Chavez eventually reached an agreement with the landlord, agreeing to pay an additional $100 in late fees. To buy diapers for her daughter, she went to her 100 yen store with her father and her father bought the diapers for her. Her baby developed diaper rash because her cheap diapers were of poor quality. Mr. Chavez was skimmed two more times that year. Now, she stays up late each month on the day her benefits are transferred and makes sure to change her PIN in the middle of the night to weed out any fraudsters who may have gotten hold of her card information. .
“Only then can I rest. Only then can I sleep well at night,” Chavez said. “I feel anxious for a few days until I receive the funds. There are very few people who rely on me and I don't want to be in that predicament. I don't have money to see my baby's face and buy diapers. How can I tell if it's possible?
The federal reimbursement program for food stamps is scheduled to end in the fall, leaving little recourse for skimming victims. When Congress passed the Consolidated Appropriations Act of 2023 to fund redemptions, the law mandated that the recovery of stolen benefits be limited to September 30, 2024. There are currently no federal plans to extend reimbursement beyond that date.
Some states have taken their own measures to protect welfare recipients. California and Oklahoma plan to pilot EBT chip cards this summer, which supporters hope will help protect benefits. While food stamps and cash assistance are federally funded programs, states have significant discretion in how they are administered.
Last year, Maryland passed a law that expands reimbursement for stolen food stamps and cash assistance, even if it means pulling it out of state funds. It's a model some proponents hope other states will adopt.
“States seem to think that just by putting benefits on a card, we've done our job,” said Michelle Salomon Madaio, senior attorney at the Homeless Representation Project in Baltimore. “If families who are eligible for benefits can't put money on their cards so they can actually access the benefits, it's as if they never got the benefits in the first place.”
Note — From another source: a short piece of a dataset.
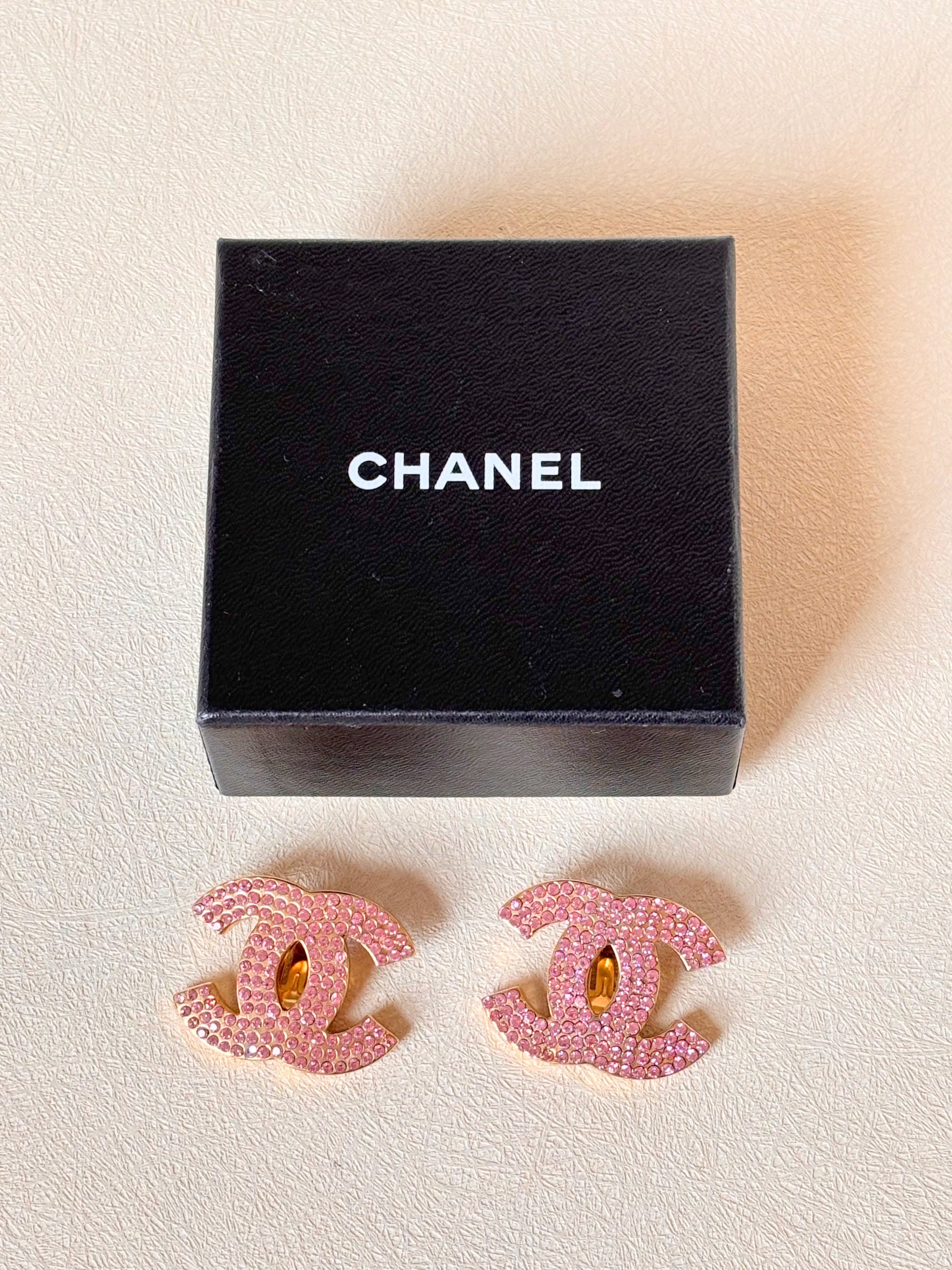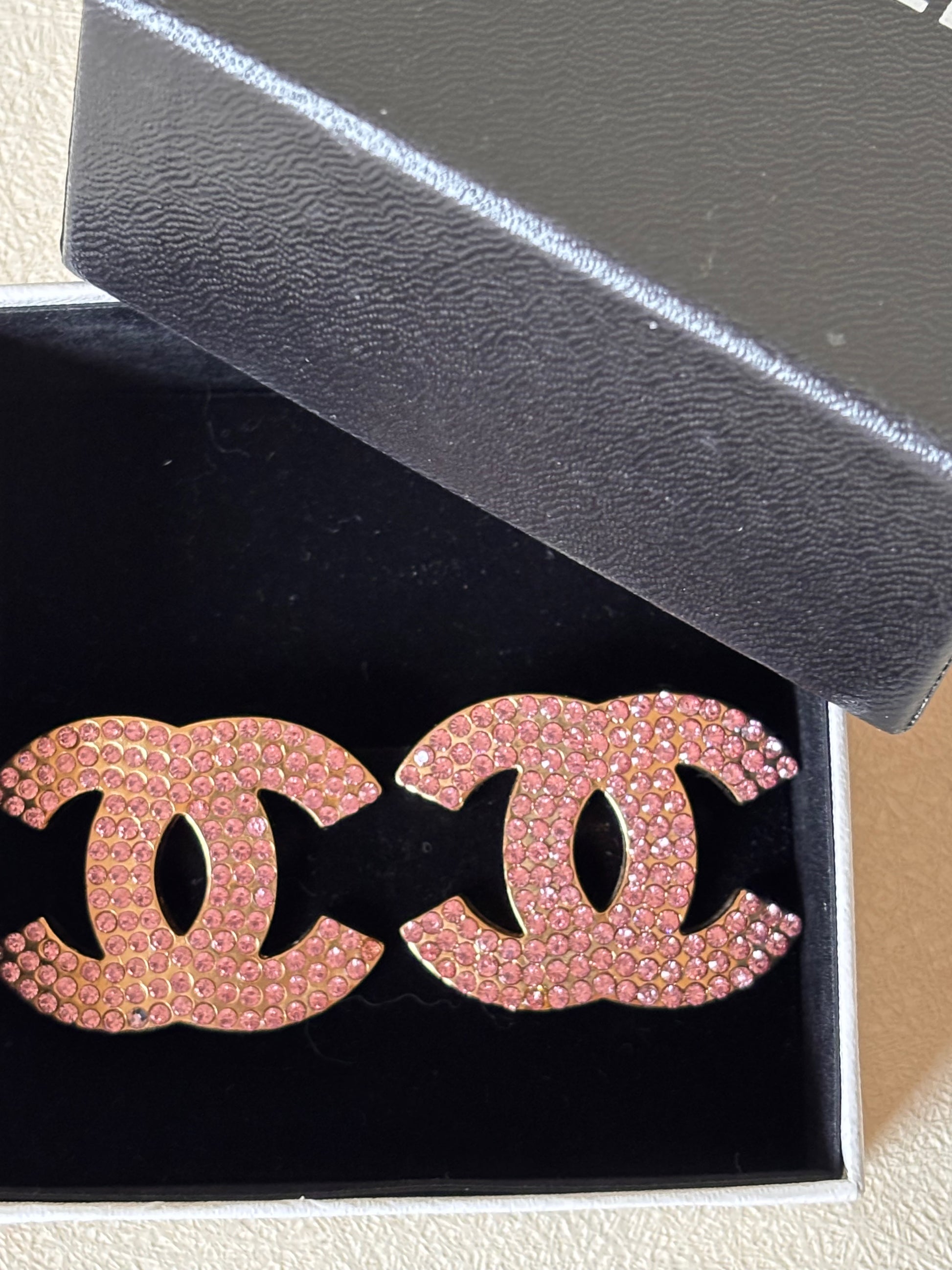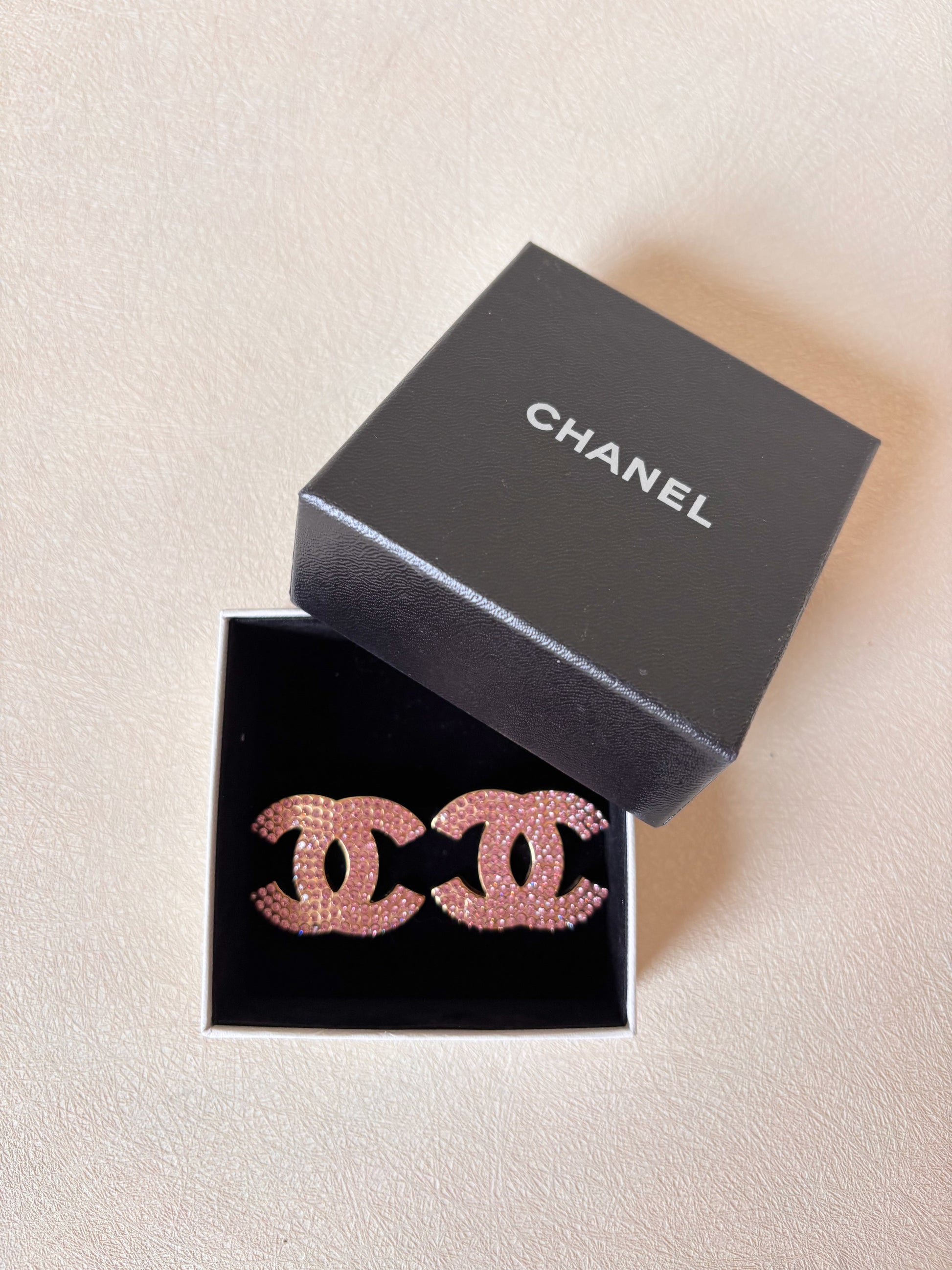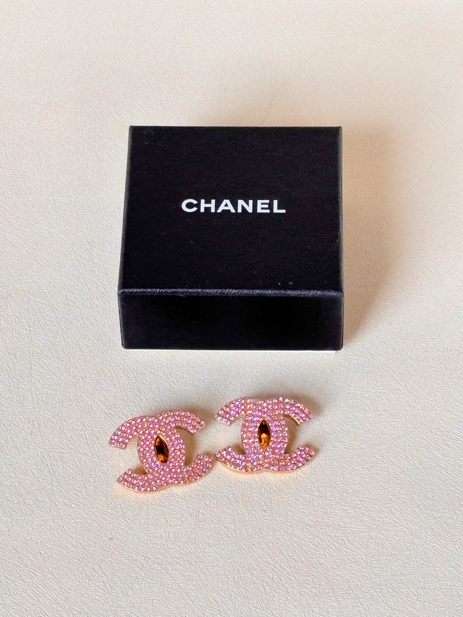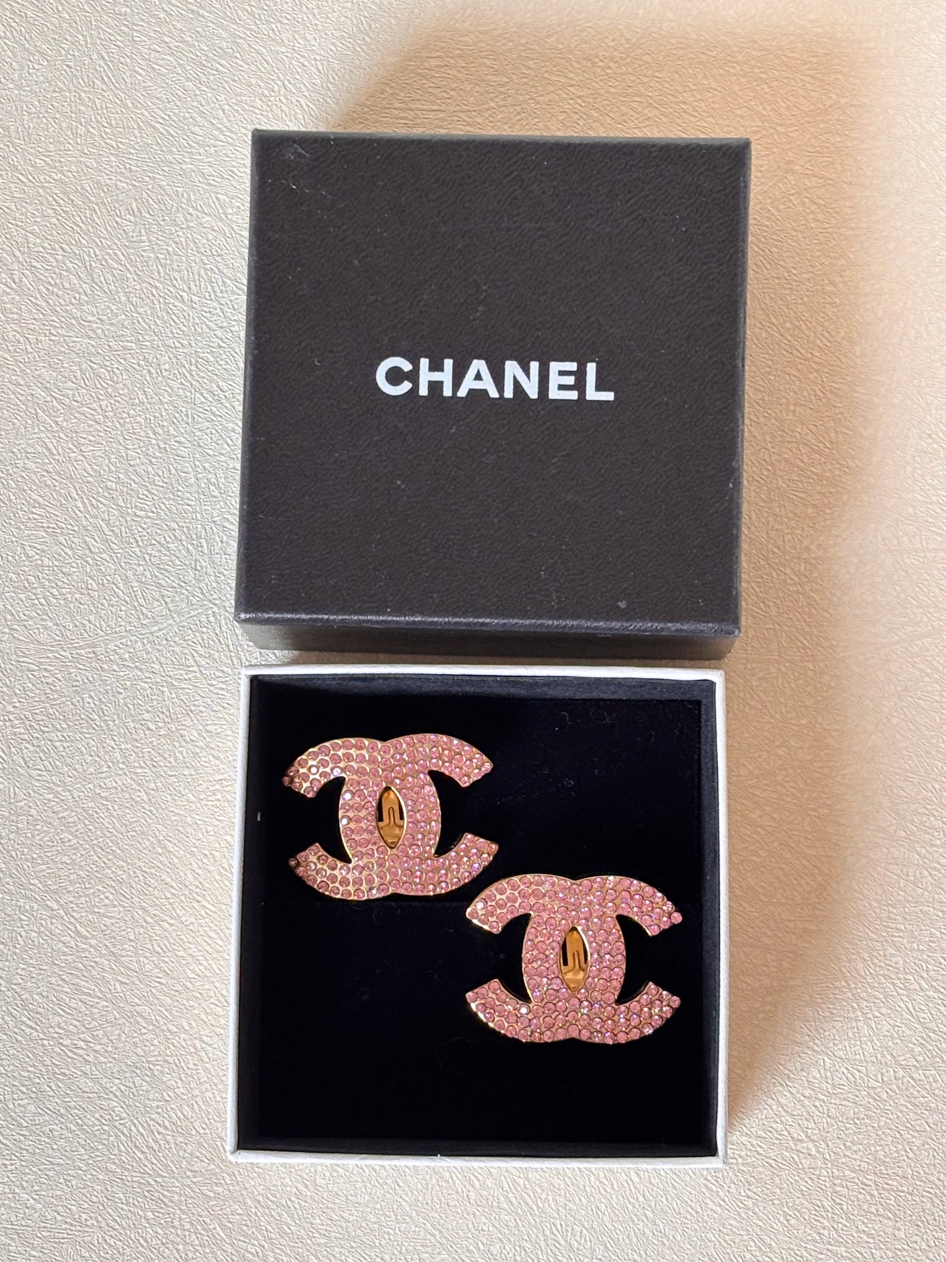 * Boucles d’oreilles logo CHANEL modèle maxi CC strass

Now back in Long Beach, Kirkus feels exposed after being scammed out of $4,000. I used to buy food for homeless people in my neighborhood. She had been homeless herself, and she knew what it was like to depend on the goodwill of others. “I was raised that way,” she said.
She doesn't do that anymore. Instead, she tries to use her SNAP card as sparingly as possible because she never knows when her information will be stolen again. She doesn't like to be too pessimistic and doubtful, but she doesn't feel like she has a choice. “It's not her way of life to be wary of anyone,” she said.